Tuesday, March 20, 2007

Historical Perspective

The possibility that even some of the justices The Boss himself had appointed to the court might not cheerfully endorse a concept of presidential immunity that mocked both the US Constitution and the Magna Carta had apparently been considered for a moment and then written off as too far-fetched an crazy even to worry about by all of Nixon’s personal strategists.

It is still a little difficult to believe, in fact, that some of the closes advisors to the president of a constitutional democracy in the year nineteen hundred and seventy-four might actually expect the highest court in any constitutional democracy to crank up what is probably the most thoroughly discredited precedent in the history of Anglo-American jurisprudence- the “divine right of kings” - in order to legalize the notion that a President of the United States, or any other would be democracy is beyond “the law.”

That Nixon and his personal Gestapo actually believed this could happen is a measure of the insanity quotient of the people Nixon took down in the bunker with him when he knew the time had come to get serious.

Hunter S. Thompson, “The Scum Also Rises”

Reading Thompson always reminds me of Bush, for obvious reasons. But I always get left feeling like I'm living in more cynical times. He's got an abiding faith in America that, although filtered through his twisted mind, seems rather optimistic right now. Does Bush's invocation of the divine right of kings - dressed up in a version of seperation of powers so absurd that an eighth grade civics class could tear it apart- seem so far fetched these days? I'm not so sure.

It certainly didn't seem far fetched on Hardball, where Chris Matthews said that Bush would probably win. Matthews thinks that Bush is right to prevent Rove from testifying under oath, because he'd definitely lie and wouldn't want to get caught. How is it that someone that is a prominent political commentator can say with a strait face that the president has a constitutional interest in protecting the right of his advisors to lie to congress?

This is rapidly heading towards a constitutional crisis, with the President openly threatening to defy a subpoena and bring it to the courts. And why? Because it is our misfortune as a nation to have a president that is a caricature of a spoiled rich kid who’s parents never set limits while he was growing up. Beneath the rhetoric of “show trials” and “partisan witch hunts” is a child with a sense of entitlement that is as limitless as his sense of dignity is tenuous threatening to hold his breath until he turns blue.

And the sad thing is that the Supreme Court might actually go for it. Why wouldn’t they? After anointing him President, would the conservative majority on the court suddenly find their respect for the rule of law? Not likely.
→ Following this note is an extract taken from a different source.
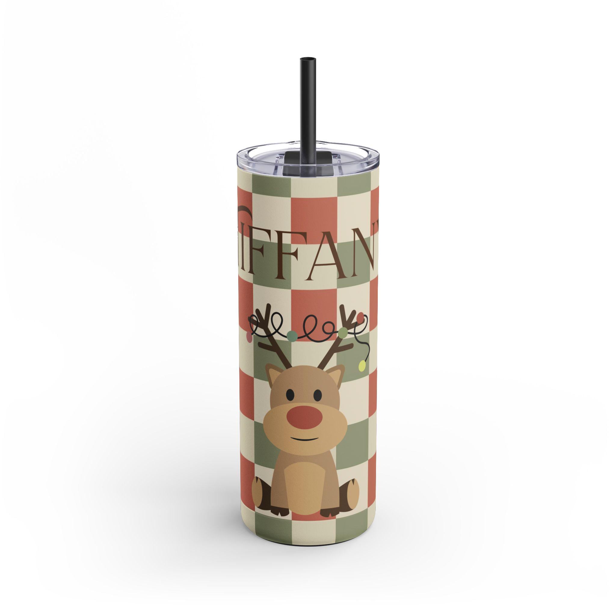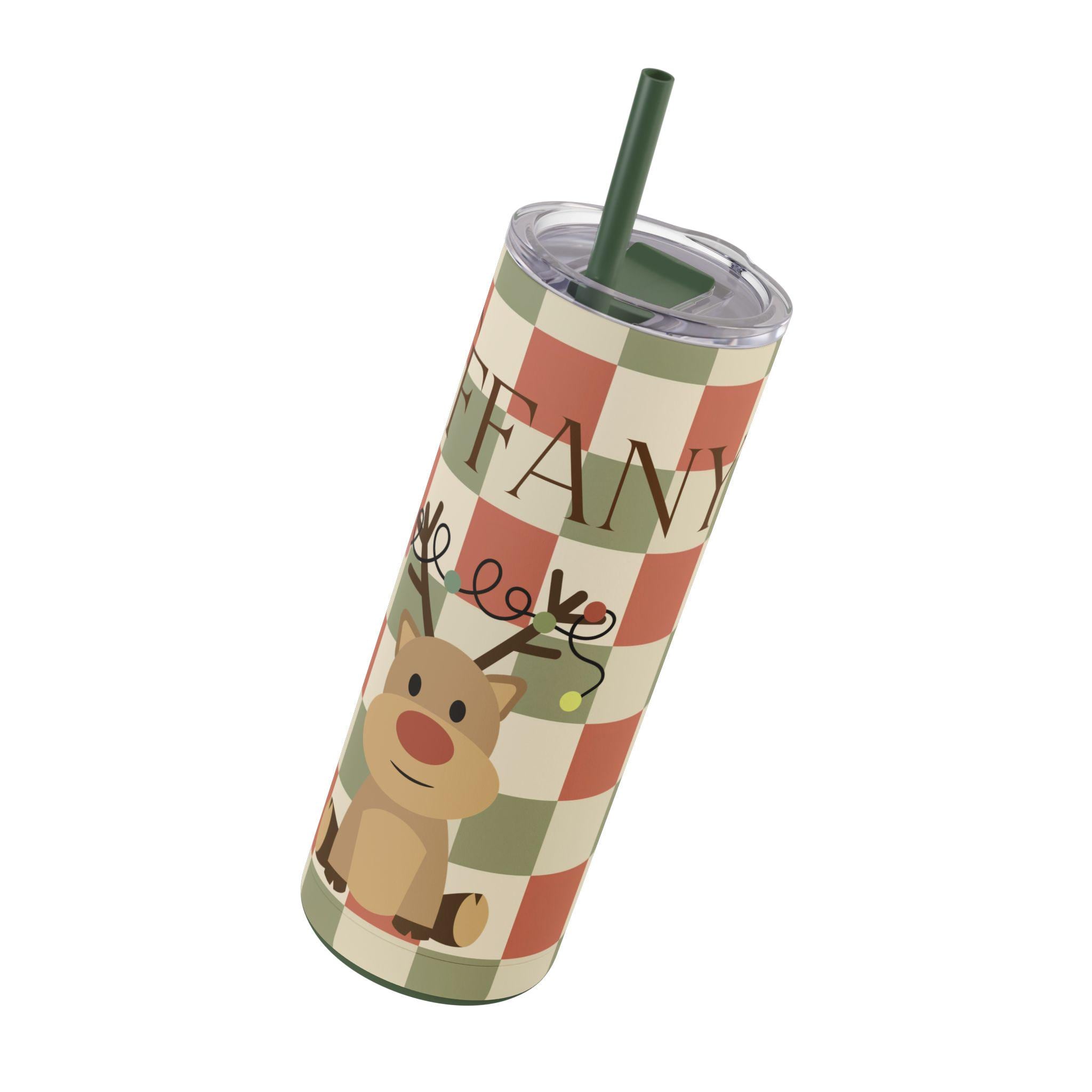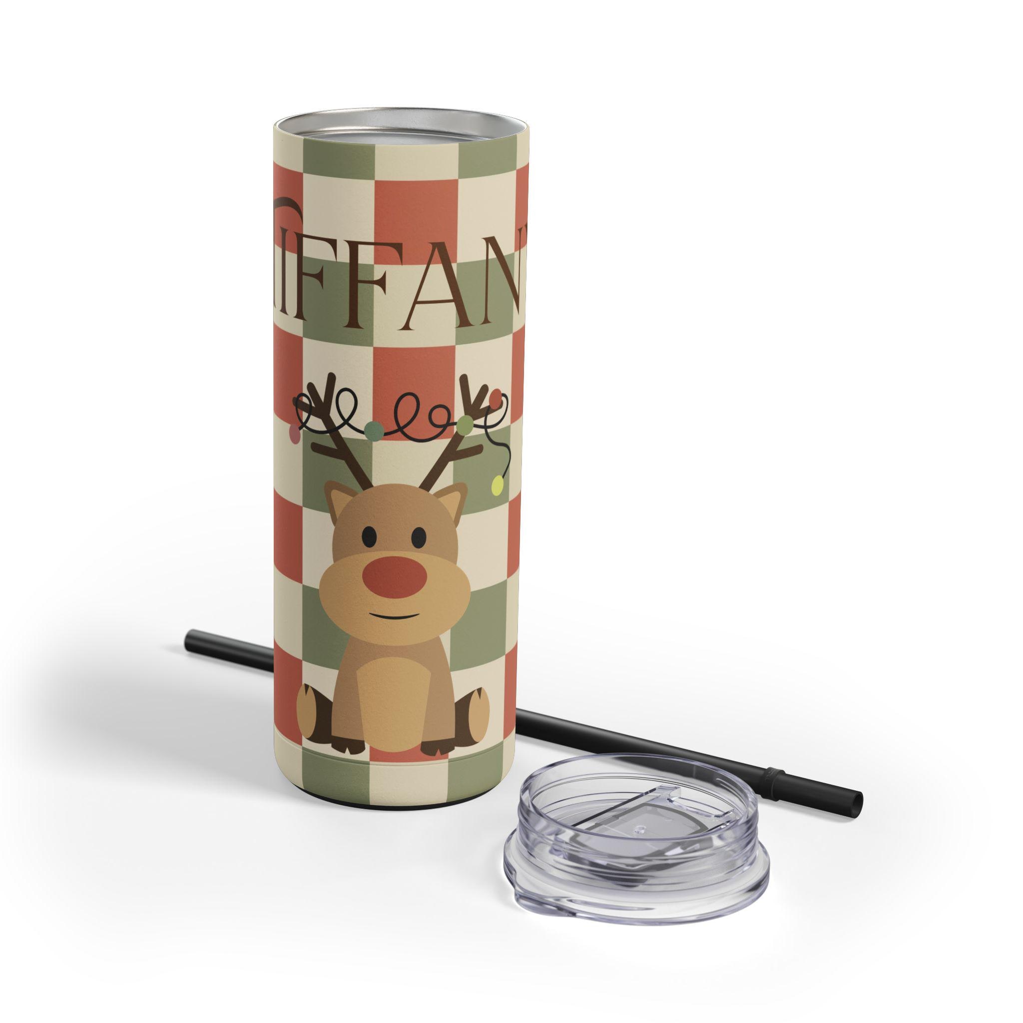 🎄 ✨ Celebrate the holidays with a touch of cozy cheer! This Personalized Reindeer Skinny Matte Tumbler combines playful Christmas vibes with everyday functionality. Featuring a cute reindeer wrapped in string lights on a warm red-and-sage plaid background, it’s a perfect mix of festive and functional design. Add your name or gift it personalized for someone special — it’s guaranteed to bring a smile all season long.

And it is useful to recall that this isn’t even one of the big scandals. This isn’t cooking intelligence on Iraq, ignoring warnings about 9/11, illegally spying on everyone in America, torture, kidnaping, meeting with a lobbyist who’s since been convicted of taking money for access to Republican power brokers. This isn’t even one of the colorful ones, like the fact that a gay prostitute managed to get access to the White House under an assumed name. This is simply the first rock that the congress kicked over. Can you imagine what would come out if Congress really found their balls and started looking into darker territory?